* Your assignment: The listing below should be printed exactly, though its pictures must not be.

* Data extract:

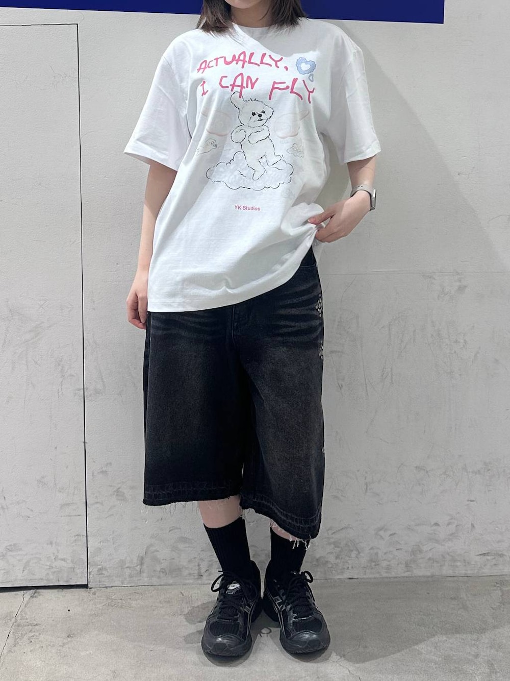 wtaaem95のデニムパンツ「★K-POPアイドル着用【UNISEX】Wai Kei/STUDバミューダパンツ」を使ったコーディネート
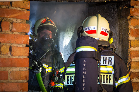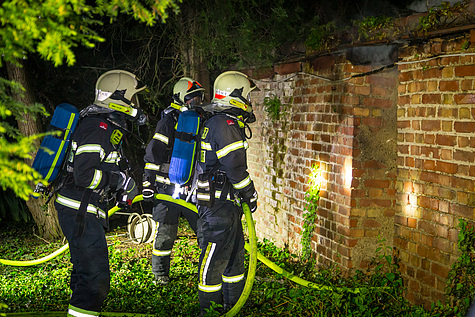 Die Freiwillige Feuerwehr Biedermannsdorf verschaffte sich Zutritt zu dem leer stehenden Nachbarhaus und begann in weiterer Folge über den Garten mit den Löscharbeiten.
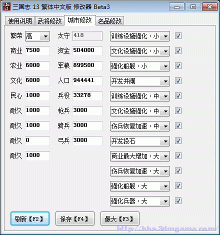 当前位置:星空最新网上盘口游戏娱乐修改器 → 三国志13修改器下载 Beta3 繁体中文版

* Completed exercise:
 wtaaem95のデニムパンツ「★K-POPアイドル着用【UNISEX】Wai Kei/STUDバミューダパンツ」を使ったコーディネート
 Die Freiwillige Feuerwehr Biedermannsdorf verschaffte sich Zutritt zu dem leer stehenden Nachbarhaus und begann in weiterer Folge über den Garten mit den Löscharbeiten.
 当前位置:星空最新网上盘口游戏娱乐修改器 → 三国志13修改器下载 Beta3 繁体中文版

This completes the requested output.